On m'a dit que je vivais au travers du regard des autres.
On m'a dit que je n'avais pas confiance en moi.
On m'a dit que je me prenais trop la tête.
On m'a dit que je puais l'amour à des kilomètres.
On m'a dit que je voulais un relation sérieuse et que je croyais au Prince Charmant.
On m'a dit que je trouvais le moyen d'être malheureuse au milieu d'un rêve.
Je ne suis pas d'accord.
Pour commencer, je ne vis pas dans le regard des autres, je vis dans le mien. Je me fous de ce que l'on pense de moi, je me contrefous qu'il y ait parfois erreur sur la personne, procès d'intention injuste, ou qui proquo, ou jugement, je me fous que les gens fassent des arrêts sur leur raisonnement, mettent dans des catégories, ou flagellent leurs pensées, je me fous de leur vision ou de leur opinion. Excepté sûrement mes amis que je n'ai pas envie de décevoir, et à qui j'ai besoin de m'exprimer pour être comprise. Et quand je dis que je vis dans mon regard, c'est parce que oui, je voudrais sûrement être l'actrice de ma vie, un personnage différent, et que je voudrais tjrs être originale dans mes actes et mes réponses.
Je ne sais pas si j'ai confiance en moi, en tous cas même si je n'accepte pas mon corps, je l'assume, même si je me place souvent dans un complexe d'infériorité dans des situations stupides je ne me sous-estime pas pour autant. J'ai conscience de la chance que j'ai malgré tout, je sais que j'ai un potentiel, que j'ai des qualités imparables, comme le courage et la débrouillardise, et je suis putain de réaliste, alors quand je dis que je suis moche ou grosse c'est PAS pour pour qu'on me rassure, c'est parce que je le pense, et en ayant conscience que la vision de chacun sur moi sonnera différemment. C'est un fait, un constat une opinion réaliste, pas un manque de confiance.

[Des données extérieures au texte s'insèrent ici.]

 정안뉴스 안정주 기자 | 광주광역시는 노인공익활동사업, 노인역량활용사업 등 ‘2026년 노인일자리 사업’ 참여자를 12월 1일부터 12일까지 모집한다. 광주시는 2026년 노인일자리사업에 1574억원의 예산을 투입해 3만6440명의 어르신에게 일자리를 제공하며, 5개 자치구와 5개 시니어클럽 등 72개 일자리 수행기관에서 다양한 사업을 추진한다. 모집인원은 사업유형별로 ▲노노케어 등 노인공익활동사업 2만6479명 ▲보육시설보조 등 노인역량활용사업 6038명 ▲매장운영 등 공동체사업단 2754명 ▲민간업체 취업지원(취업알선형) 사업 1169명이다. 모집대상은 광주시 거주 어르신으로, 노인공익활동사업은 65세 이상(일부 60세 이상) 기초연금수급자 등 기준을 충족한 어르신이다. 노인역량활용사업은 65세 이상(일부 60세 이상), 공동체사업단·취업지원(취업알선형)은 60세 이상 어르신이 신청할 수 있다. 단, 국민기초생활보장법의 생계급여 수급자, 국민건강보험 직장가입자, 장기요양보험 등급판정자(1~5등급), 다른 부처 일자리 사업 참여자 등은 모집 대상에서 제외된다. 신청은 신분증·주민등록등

Je ne pense pas me prendre trop la tête non plus, je suis sans arrêt à la recherche de choses simples, si les gens parlaient moins pour rien dire et disaient vraiment ce qu'ils pensent quand ils le pensent on serait pas là à se prendre tous la tête en communauté sur ce qui va nous arriver, ce qui est pas arrivé, ce qu'on voudrait qui arrive, non faudrait juste vivre. Je crois que je vis.
Je pues l'amour moi? J'en suis pas si sûre, je dois sentir plus la meuf qu'on voudrait se taper une nuit et point. Si je puais l'amour je ferais peur aux mecs qui veulent pas s'engager or ce sont ceux-là même qui viennent me draguer. C'est à ni rien comprendre.

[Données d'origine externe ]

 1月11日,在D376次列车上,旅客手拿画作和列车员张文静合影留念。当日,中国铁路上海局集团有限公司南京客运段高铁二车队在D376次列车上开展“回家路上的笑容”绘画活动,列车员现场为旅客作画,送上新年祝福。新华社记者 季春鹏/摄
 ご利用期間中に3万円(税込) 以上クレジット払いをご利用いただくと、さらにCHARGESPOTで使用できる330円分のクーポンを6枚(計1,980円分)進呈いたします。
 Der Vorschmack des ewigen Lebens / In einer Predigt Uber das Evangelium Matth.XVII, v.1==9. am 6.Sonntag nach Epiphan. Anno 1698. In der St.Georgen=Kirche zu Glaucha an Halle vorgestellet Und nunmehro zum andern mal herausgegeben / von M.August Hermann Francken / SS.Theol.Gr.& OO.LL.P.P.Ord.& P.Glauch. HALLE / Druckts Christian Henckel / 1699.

Non, je ne veux pas une relation sérieuse, je veux qu'on me fiche la paix avec ça, et c'est vous les filles qui me dites que je vais me marrier en premier!!! Je vais kiffer manger gratos dans le restau de la Tour Eiffel.
Je ne crois pas au Prince Charmant, je pense que de nos jours même le Prince Charmant signe les papiers du divorce. Je pense que c'est plus possible, les Occidentaux aiment la passion mais elle est éphémère, ils ont pas dû comprendre que l'amour qui dure doit grandir avec le respect de l'autre, non avec eux ça commence par je te monte dessus, dès que j'ai réussi je vois combien de temps je vais y arriver, si soudain je me sens les couilles d'être papa et que je décide de te faire des gosses à toi, ça empêche pas que si tu me fais chier dans quelques années je te quitterai. Donc non je crois pas au Prince Charmant.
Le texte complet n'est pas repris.